It's Not a "Recovery." It's a Boom.
The article is digested in the second item, in the second half of that item (the first half is MRC's own evidence of media bias on the economy, which is also sort of interesting, but it's repetitive and it's stuff you already know).
Choicest bits:
To hear Big Media tell it, the U.S. economy is in a fragile state of 'recovery’ that threatens to be undermined at any moment, by rising interest rates, by soaring gas prices, by another terrorist attack.
In fact, the economy has been in a state of rip-roaring 'expansion’ -- the strongest in 20 years -- yet the media persists in painting a dreary picture.
...
"I don't know how much is agenda and how much is ignorance or just lemming-type journalism," said Comerica Bank Chief Economist David Littmann, who's tracked the economy for 40 years. "We're in a mini-boom, and to characterize it as a recovery is to diminish it."

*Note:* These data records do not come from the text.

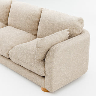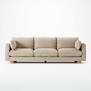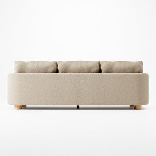 Miles Sofa Boucle Beige er en trepersoners sofa med en ramme lavet af massiv gran, krydsfiner og fyld af andedun, silikonekugler og skum. Sofaen er betrukket med et boucléstof fra Limonta. Udover denne trepersoners sofa indeholder Miles-serien også en lænestol og en loveseat.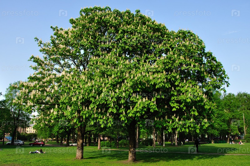 парк дерево каштан цветущий соцветия листва люди машины зеленый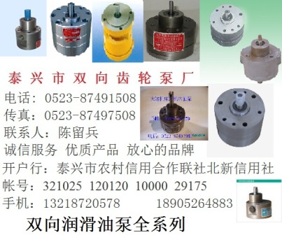 雙向潤(rùn)滑油泵,雙向齒輪油泵,雙向齒輪暫無(wú) 1,SNBY型雙向潤(rùn)滑油泵的主要特點(diǎn)是在泵軸不管是正轉(zhuǎn)或是反轉(zhuǎn)時(shí),油泵都能同一方向等量... 2011-11-29 |
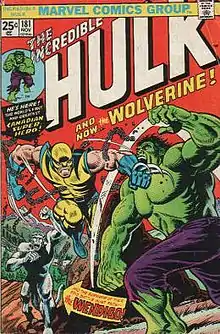 Marvel Comics editor-in-chief Roy Thomas asked writer Len Wein to devise a character specifically named Wolverine, who was a Canadian of small stature and with a wolverine's fierce temper. John Romita Sr. designed the first Wolverine costume, and believes he introduced the retractable claws, saying, "When I make a design, I want it to be practical and functional. I thought, 'If a man has claws like that, how does he scratch his nose or tie his shoelaces?'"[5] Wolverine first appeared in the final "teaser" panel of The Incredible Hulk #180 (cover-dated October 1974), written by Wein and penciled by Herb Trimpe. The character then appeared in a number of advertisements in various Marvel Comics publications before making his first major appearance in The Incredible Hulk #181 (November 1974), again by the Wein–Trimpe team. In 2009, Trimpe said he "distinctly remembers" Romita's sketch and that, "The way I see it, [Romita and Wein] sewed the monster together and I shocked it to life! ... It was just one of those secondary or tertiary characters, actually, that we were using in that particular book with no particular notion of it going anywhere. We did characters in The [Incredible] Hulk all the time that were in [particular] issues and that was the end of them."[6] Though often credited as co-creator, Trimpe denied having had any role in Wolverine's creation.[7]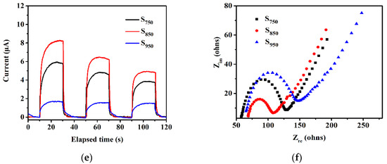 Photoluminescence spectroscopy was employed for the investigation of the charge separation efficiency of the samples in the process of the photocatalytic reaction. Figure 4d shows that the emission intensity follows the order of S850 < S750 < S950. The sequence is the opposite of the photocatalytic activity order. Owing to this, the fluorescence was produced by recombination of the holes in the valence band (VB) and the electrons in the conduction band (CB), and the most diminished PL intensity of S850 indicates that the recombination of photogenerated charge carriers was maximally retarded [41]. Moreover, the photoelectrochemical measurement further supports the transfer and separation behavior of the photo-induced charge carriers of the samples. As shown in the photocurrent response curves and EIS Nyquist plots in Figure 4e,f, S850 displayed the strongest photocurrent density and the smallest semicircle in comparison with S750 and S950, suggesting the lowest interfacial electron-transfer resistance and the highest photo-induced charge transfer and separation efficiency, which leads to the highest photocatalytic performance.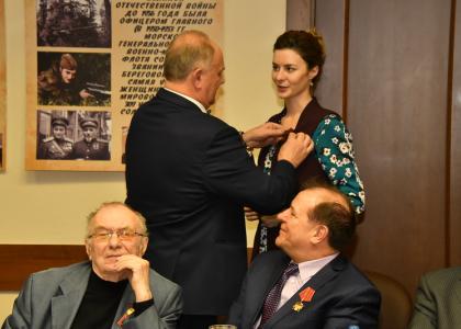 Затем состоялось награждение деятелей культуры памятными медалями ЦК КПРФ «100 лет Великой Октябрьской социалистической революции». Награды вручал Г.А. Зюганов. Среди награжденных актеры Н.Н. Губенко, Ж.А. Болотова, А.Е. Ливанов, Л.В. Зайцева, певцы В.П. Овсянников, Н.Е. Крыгина и другие – это все творческие люди, которые на протяжении многих лет сотрудничают с КПРФ.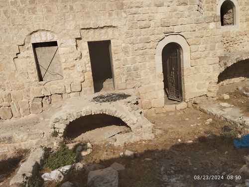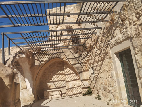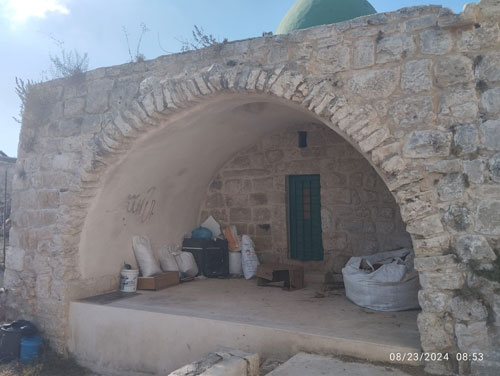 سُقف المبنى، بعد وضع الدوامر "المواسير" المعدنية وسقفه بالخرسانة، وتثبيت جدرانه الحجرية وتبليط أرضيته، وعلى يسار هذا المبنى يوجد مقام ذو قبة خضراء.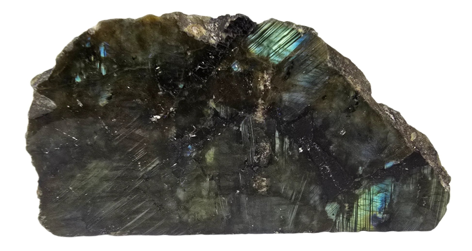 Elevate your space with our Labradorite Standing Slab. This stunning natural stone is a powerful symbol of transformation and inner strength, believed to enhance your intuition and connection to higher realms. Adorned with unique iridescent hues, it inspires wonder and promotes spiritual growth. Perfect for activating your Crown and Third-Eye Chakras.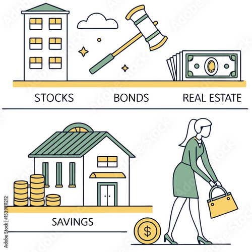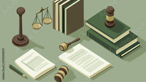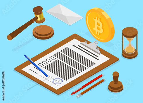 Законы и нормативные акты по крипто-майнингу, векторная иллюстрация. Изометрический биткоин, серверные стойки и юридические символы, книга законов, весы правосудия, молоток судьи. Законодательство о криптовалютах.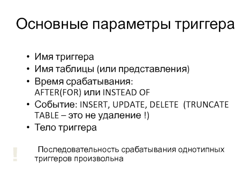 Слайд 13Основные параметры триггера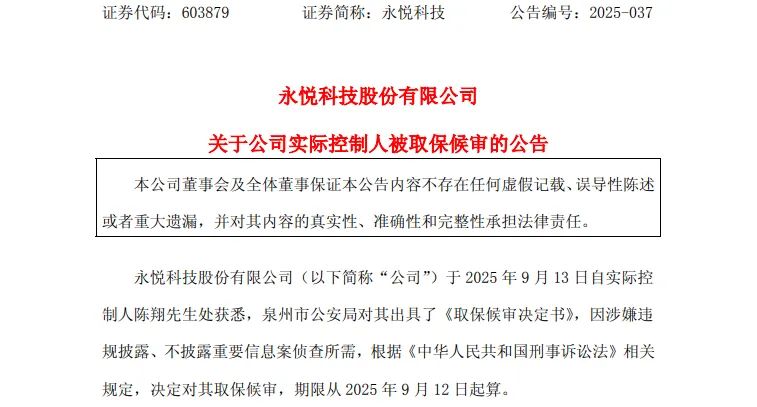9月14日,永悦科技(603879.SH)公告称,公司于2025年9月13日自实际控制人陈翔处获悉,泉州市公安局对其出具了《取保候审决定书》,因涉嫌违规披露、不披露重要信息案侦查所需,根据相关规定,决定对其取保候审,期限从2025年9月12日起算。目前,陈翔未在公司担任董事、监事、高级管理人员或其他任何职务,公司日常生产经营正常,各项工作有序开展。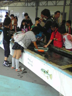 子どもたちは、触れる魚達に夢中です。大きなセイウチにもタッチしました。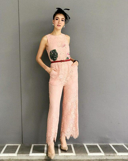 ย้อนยุค สวยหวาน สไตล์ท่านหญิง แฟชั่นจั๊มพ์สูทผ้าลูกไม้โทนสีพีช เข็มขัดสีแดง รองเท้าส้นสูง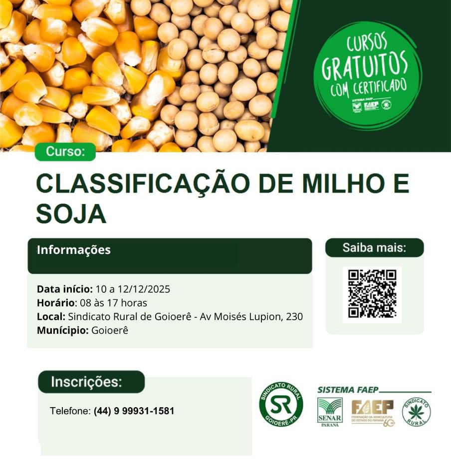 O Sindicato Rural de Goioerê inicia nesta quarta-feira, 12 o Curso de Classificação de Grãos – Milho e Soja, para quem deseja ampliar conhecimentos, conquistar novas habilidades e se preparar ainda mais para as demandas do mercado do agronegócio. Ainda restam algumas vagasmmpara o curso.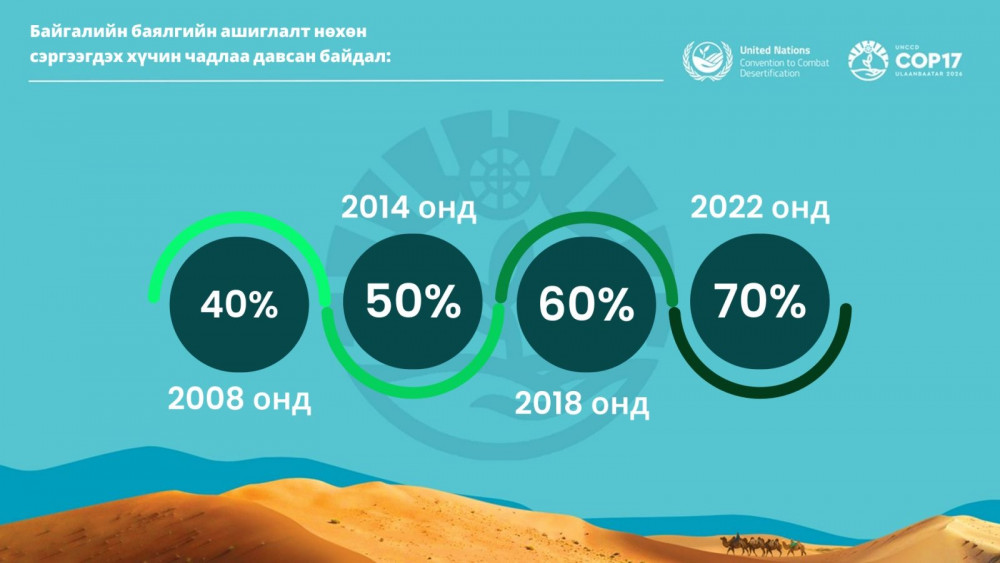 2008 оны байдлаар байгалийн нөөцийг нэг жилд нөхөн сэргээгдэх хэмжээний нөөцөөс нь 40 хувиар хэтрүүлэн ашиглаж байсан бол 2014 онд энэ тоо 50, 2018 онд 60, 2022 онд 70 хувь болж, үржих хүрдээр өсөж байна. Угтаа бол өдөр болгон бид эх дэлхийнхээ нөхөн сэргээгдэх хэм хэмжээнээс ийм хувиар илүү ихийг авч, илүү ихийг ууж идэж, устгаж хороож, хордуулж бохирдуулж байгааг Та эндээс харна уу.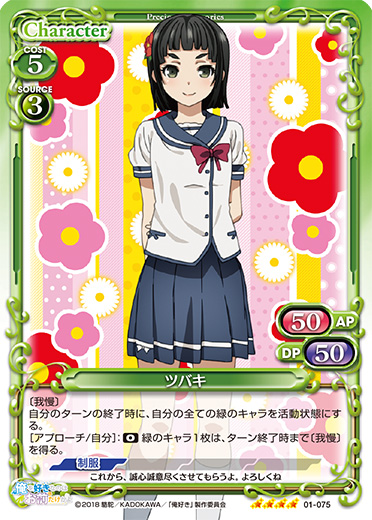 | 〔我慢〕自分のターン終了時に、自分の全ての緑のキャラを活動状態にする。[アプローチ/自分]:《0》緑のキャラ1枚は、ターン終了時まで〔我慢〕を得る。 | ||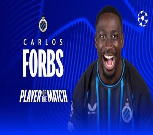 | 欧冠联赛阶段第四轮,布鲁日主场3-3战平巴塞罗那,此役贡献2球1助的布鲁日前锋卡洛斯-福布斯当选欧冠官方全场最佳球员。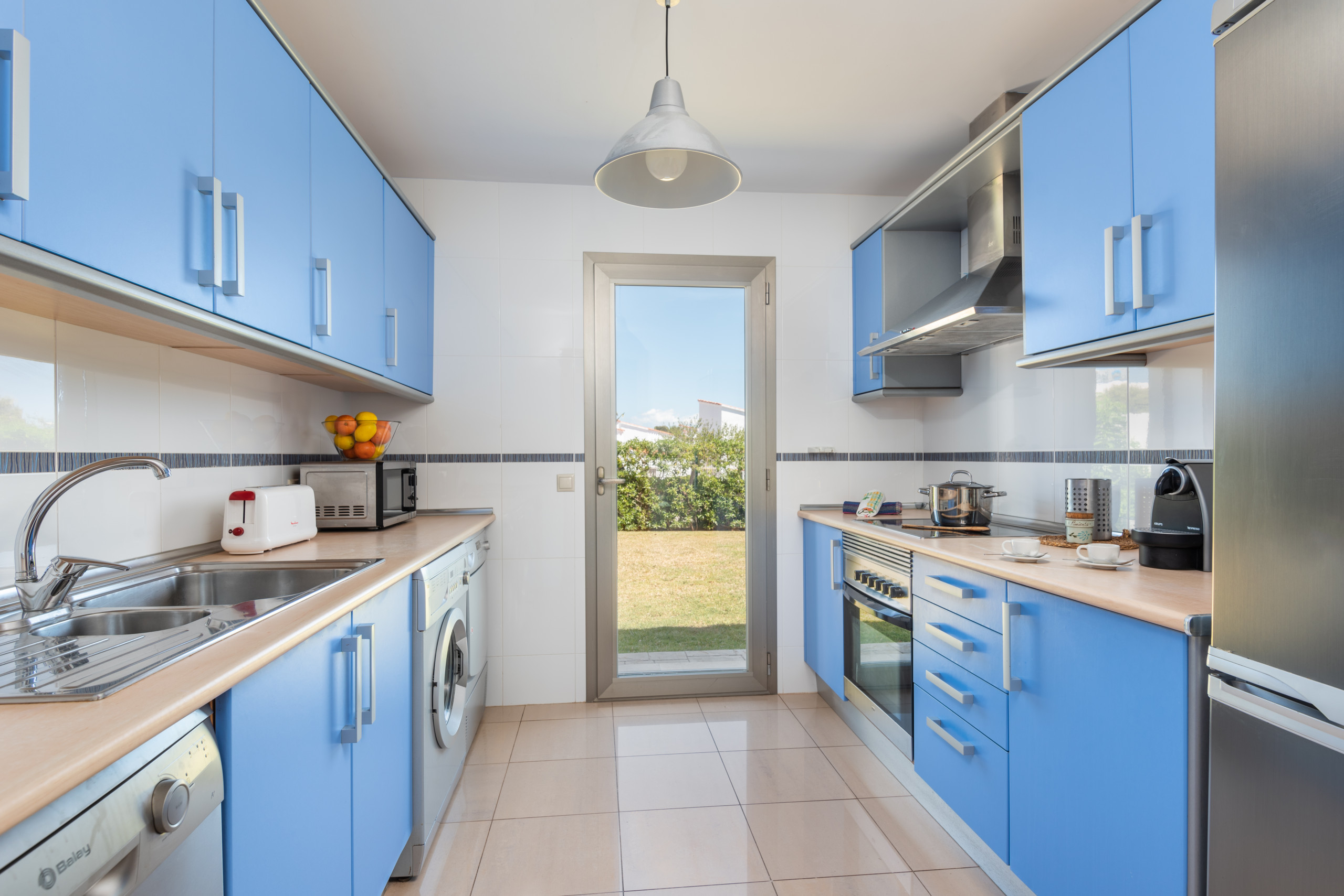 La cuisine est indépendante avec une plaque vitrocéramique, elle est équipée d'un réfrigérateur, d'un micro-ondes, d'un four, d'un congélateur, d'un lave-vaisselle, de vaisselle/couverts, d'ustensiles de cuisine, d'une cafetière et d'un grille pain.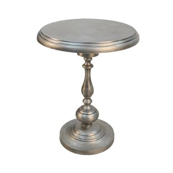The Pearson Accent Table is a pedestal-style accent table with many attributes. This hand forged metal accent table has an antique nickel finish that is warm and inviting. Place this side table beside your couch or bedside. and show off its unique design. SpecificationsColor: SilverMaterial: MetalShape: RoundStyle: GlamAssembly Required: YesFinish: Antique Nickle FinishDimension: 24" H x 18.5" W x 18.5" LWeight: 14 lbs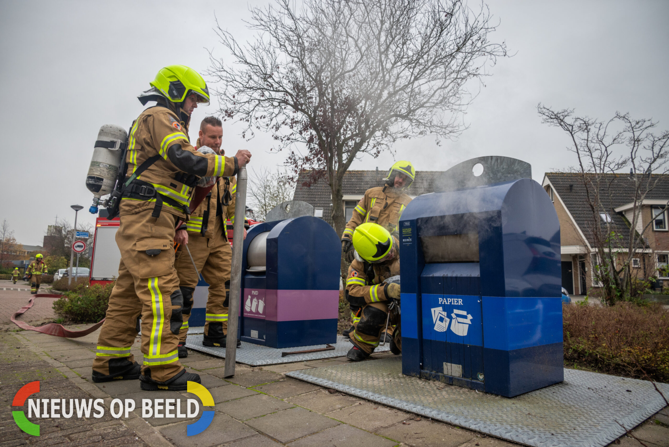 Bij aankomst van de brandweer kwam er al veel rook uit de desbetreffende papiercontainer. Kinderen hadden vuurwerk in de container gegooid waarna deze is gaan branden. Zelf hadden zij met een emmer water de brand proberen te blussen maar dit was niet gelukt. De brandweer heeft de container vol laten lopen met water. Om tegelijkertijd de tank van de brandweerwagen weer te vullen is water gehaald uit een ondergrondse brandkraan.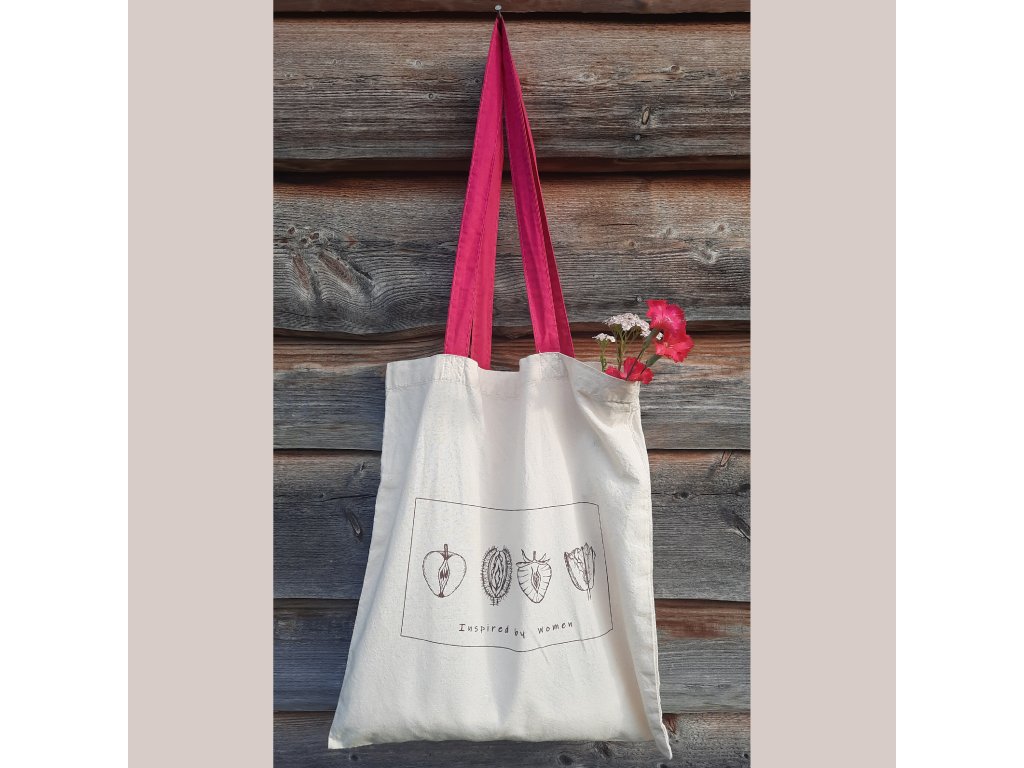 Lehká taška v přírodní barvě s růžovými popruhy a čokoládovým potiskem - jemný design květin a plodů inspirovaný krásou ženy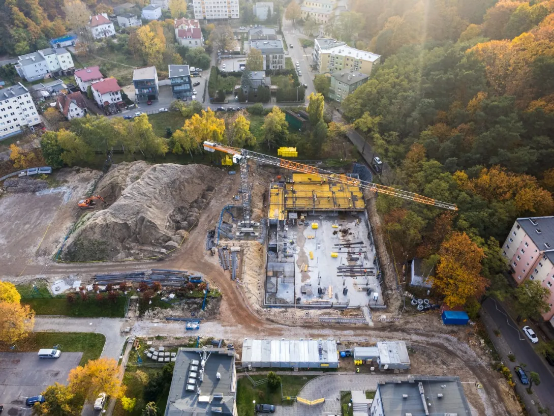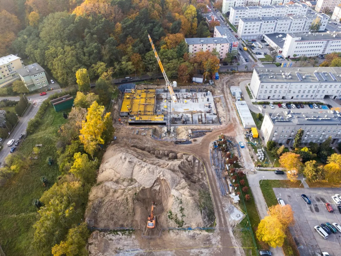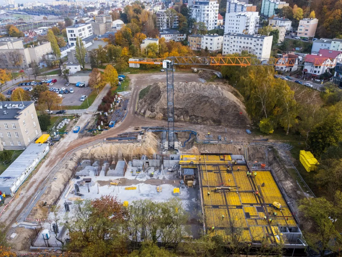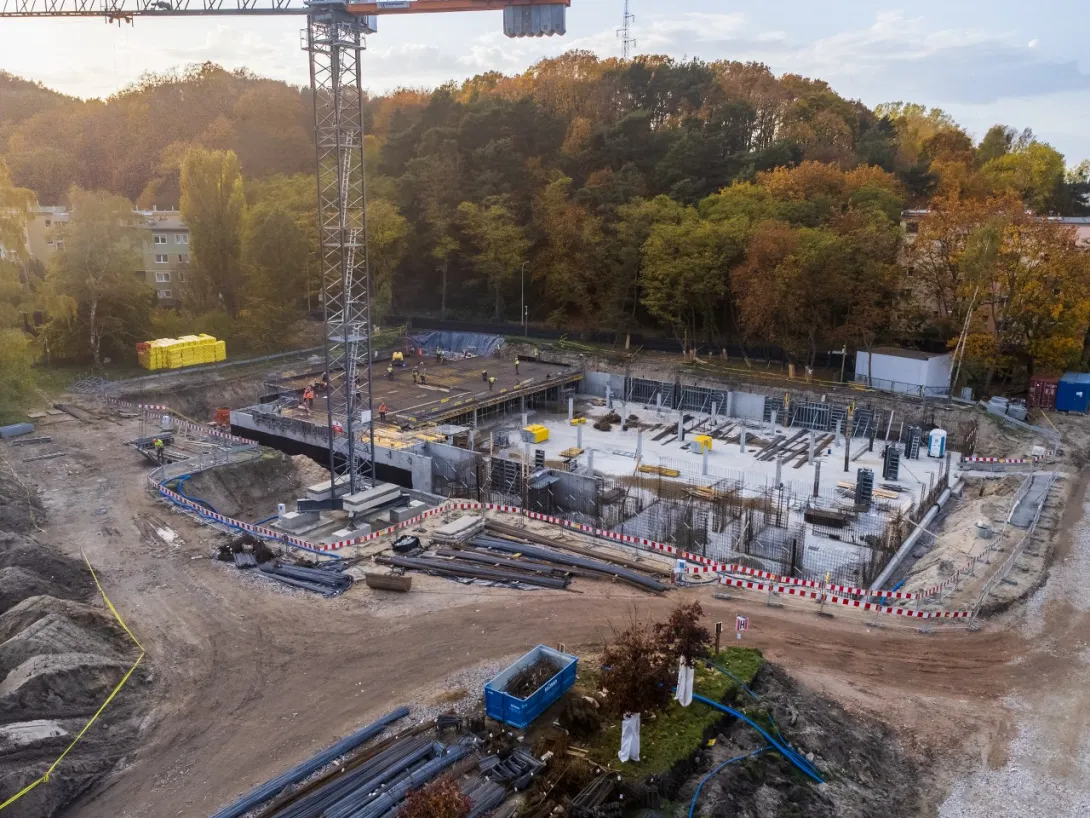 - wykonano betonowanie części stropu nad halą garażową, aktualnie wykonywane jest zbrojenie dalszej części stropu (wykonanie całego stopu nad halą garażową jest zaplanowane do końca listopada 2022 r.);
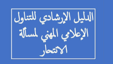 Actualités  وزارة الصحة تصدر دليلا إرشاديا حول التناول الإعلامي لمسألة الانتحارأصدرت وزارة الصحة دليلا إرشاديا للتناول الإعلامي المهني لمسألة الانتحار، حذرت فيه من اعتماد تفاصيل مثيرة حول حالات الانتحار مثل… Lire la suite »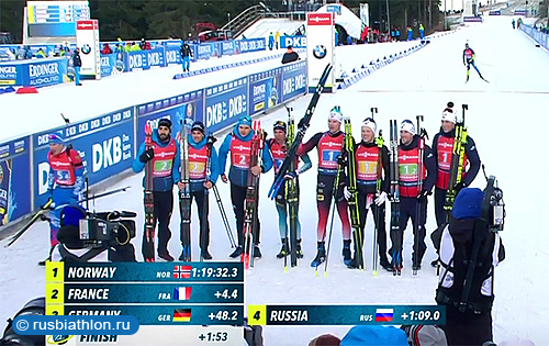 Тренеры сборной России решили поберечь своих лидеров Александра Логинова и Матвея Елисеева перед гонками с общего старта и внесли в протокол молодёжную версию своеё четвёрки. На дистанцию выходили Карим Халили, Евгений Гараничев, Никита Поршнев и Эдуард Латыпов, которые показали очень неплохую стрельбу, использовав за восемь заходов на стрельбище только 9 запасных патронов, но всё-таки ходом уступили Норвегии 1 минуту и 9 секунд, финишировав на четвёртой позиции.

This isn't nitpicking, mind you. The media is a powerful influence on how we view ourselves, and refusing to come around to substituting one word for another is depressing the national mood.
Think about it: An expansion implies strength and virility, while recovery suggests lingering weakness -- the stroke victim in therapy for paralysis, or the reformed alcoholic still at risk of falling off the wagon.
...
[T]ry these measures on for size:
* The nation's GDP grew 4.4 percent in the first quarter of 2004, capping its biggest 12-month gain since 1984. By most forecasts, GDP this year is expected to grow 4.7 percent -- the best calendar-year performance in two decades, surpassing even our longed-for 1999.
* The economy has created more than 1.1 million jobs since last August, with unemployment falling to 5.6 percent in April. That rate was lower, by a hair, in only two of 22 years from 1974-to-1995 -- 5.5 percent in 1988 and 5.3 percent in 1989.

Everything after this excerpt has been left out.